The dimensional structure observed here is conceptually consistent with previous findings from an LPA of executive function in SZ and BD,3 which also reported profiles segregated by performance deficit severity across diagnoses. Critically, the dimensional structure observed here also does not conceptually conflict with the clusters (“biotypes”) identified by the Bipolar-Schizophrenia Network for Intermediate Phenotypes (B-SNIP) consortium from a k-means cluster analysis of cognitive control and sensorimotor reactivity in BD, SZ, and SZ-A patients.36 Although the 3 clusters identified by B-SNIP did not demonstrate parallel deficits in control and reactivity (with one biotype showing the highest reactivity but only moderate loss of cognitive control), performance deficits (vs HCs) for each biotype across the 3 cognitive control measures examined were similar. One may also argue that our results are not directly comparable with the B-SNIP findings as we did not include measures of sensorimotor reactivity. Nonetheless, our results combined with these previous studies suggest that cognitive deficits in these illnesses are best characterized as a having a dimensional structure, with a potential common mechanism underlying these deficits across disorders.

Surprisingly, the largest group of patients (“High” performers) was not significantly different from HCs except in episodic memory, suggesting that RISE ability features more prominently than DPX or JOVI task performance in psychotic illnesses. Related to this point, previous work has also found that episodic memory performance is one the most impaired cognitive deficits in SZ.29 It is also possible that severity in performance deficits is influenced by differences in task sensitivity. As the present sample (particularly BD patients) had relatively high functional capacity (based on UPSA-B scores), it is possible deficits in these domains would have only been apparent using very difficult tasks with high discriminating power (that said, we believe these tasks were sufficiently sensitive for this study given the significant differences in performance between HC and patient groups; furthermore, all tasks utilized by the CNTRACS consortium were designed to optimize their psychometric properties including sensitivity and selectivity). As a more chronically ill, lower functioning sample may show a different distribution, we caution against overinterpreting our results as suggesting the majority of patients with psychotic illnesses are cognitively “normal.” Finally, the lack of differences on the DPX and JOVI tasks in the high performing groups does not also imply that cognition in these individuals has not been disrupted by their psychotic illness. Kendler and colleagues have reported that higher cognitive ability individuals with SZ perform worse than would be predicted by their parents’ IQ scores.37 Future studies examining additional tasks in these domains will be necessary in order to determine the generalizability of this finding.
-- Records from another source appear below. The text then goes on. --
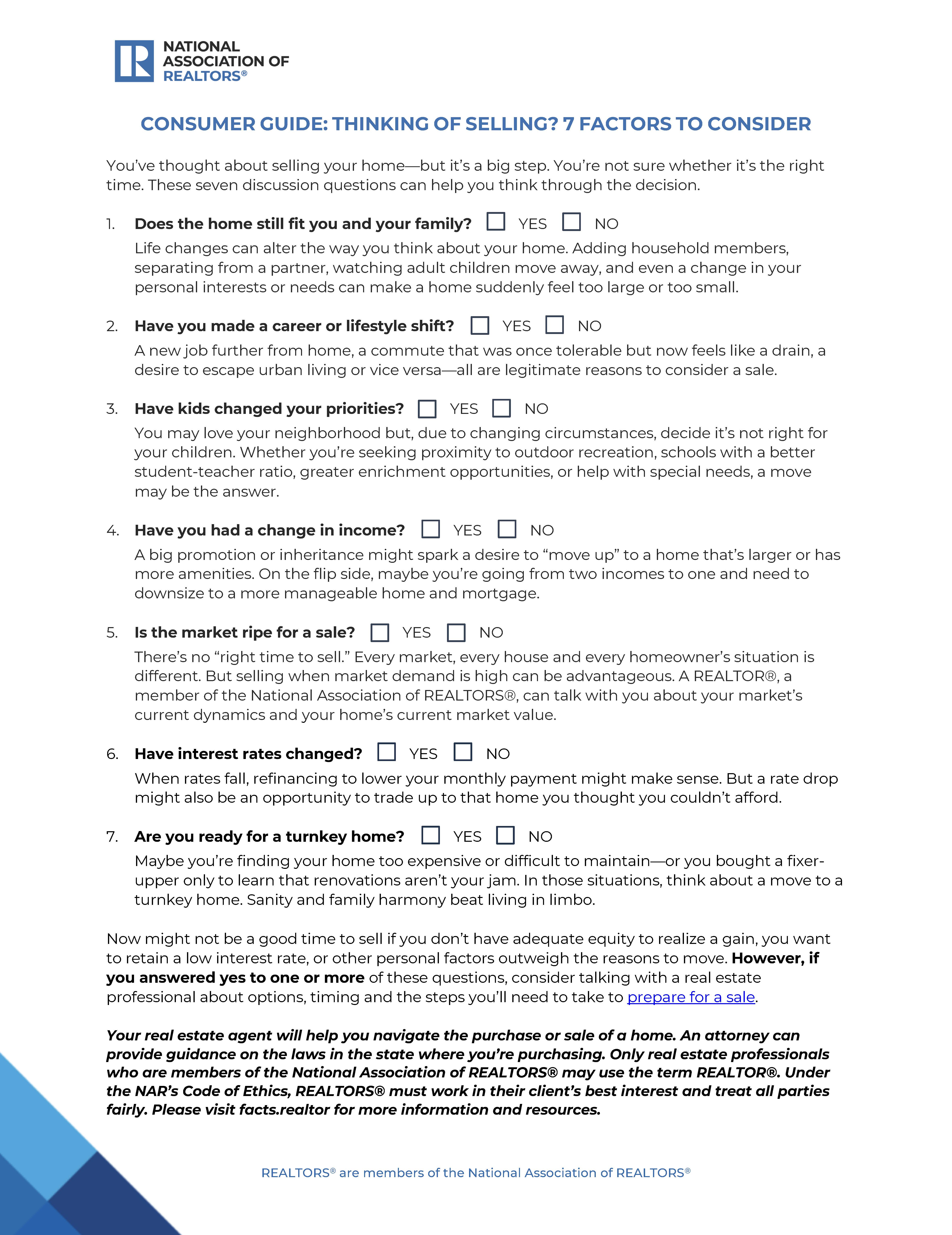 You’ve thought about selling your home—but it’s a big step. You’re not sure whether it’s the right time. These seven discussion questions can help you think through the decision.
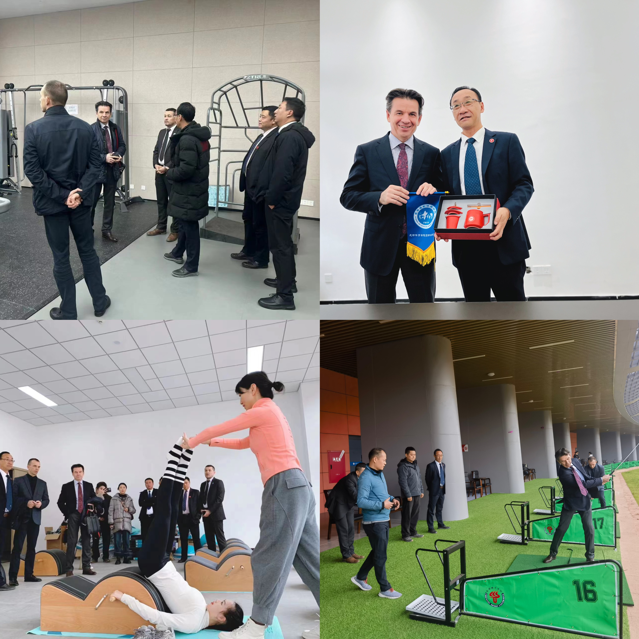 交流团一行分别参观了学校运动休闲馆和攀岩馆,饶有兴趣地进行了高尔夫运动体验,观摩了高尔夫运动、瑜伽、普拉提等课程教学。
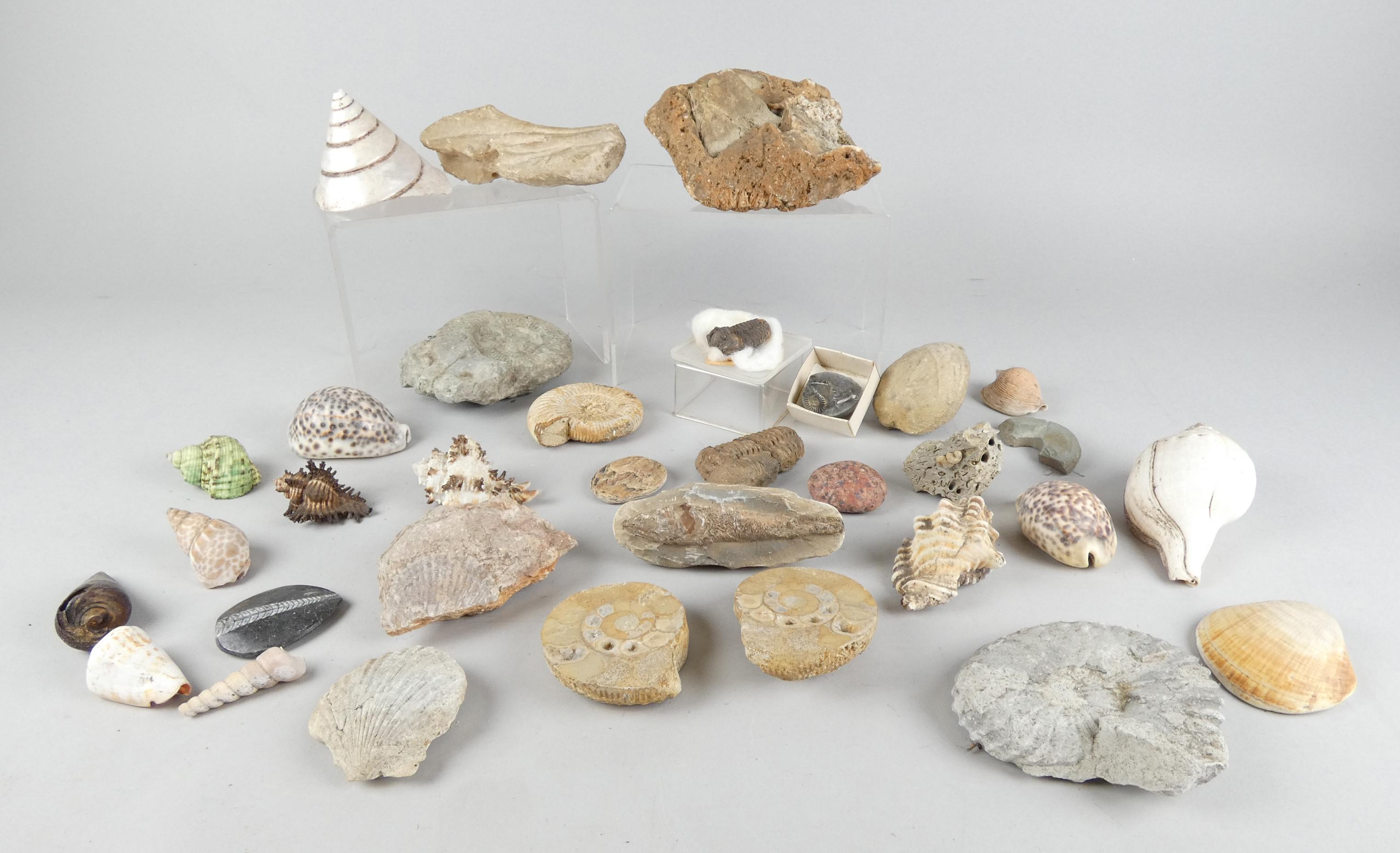 Collection: Fossiles dont trilobites, poisson, ammonite, bivalve et de coquillages dont trochus niloticus, laevistrombus canarium, turbo marmoratus, cypraea tigris

As frequently occurs in studies involving patients with psychosis, the potential confounding effects of medication on the observed findings cannot be completely disentangled. Although we did not observe any relationship between medication status, type, or dose and the likelihood a patient belonged to a particular profile, the present study was naturalistic and medication effects were therefore not tightly controlled. It thus remains possible that medication history is related to the observed profiles. Related to this point, previous cross-sectional work in an independent sample found that unmedicated patients showed lower DLPFC activation and worse performance during the AX-CPT (the task the DPX is based on) relative to medicated patients.38 As this study was based on a univariate dimensional approach, however, it does not necessarily contradict the present findings.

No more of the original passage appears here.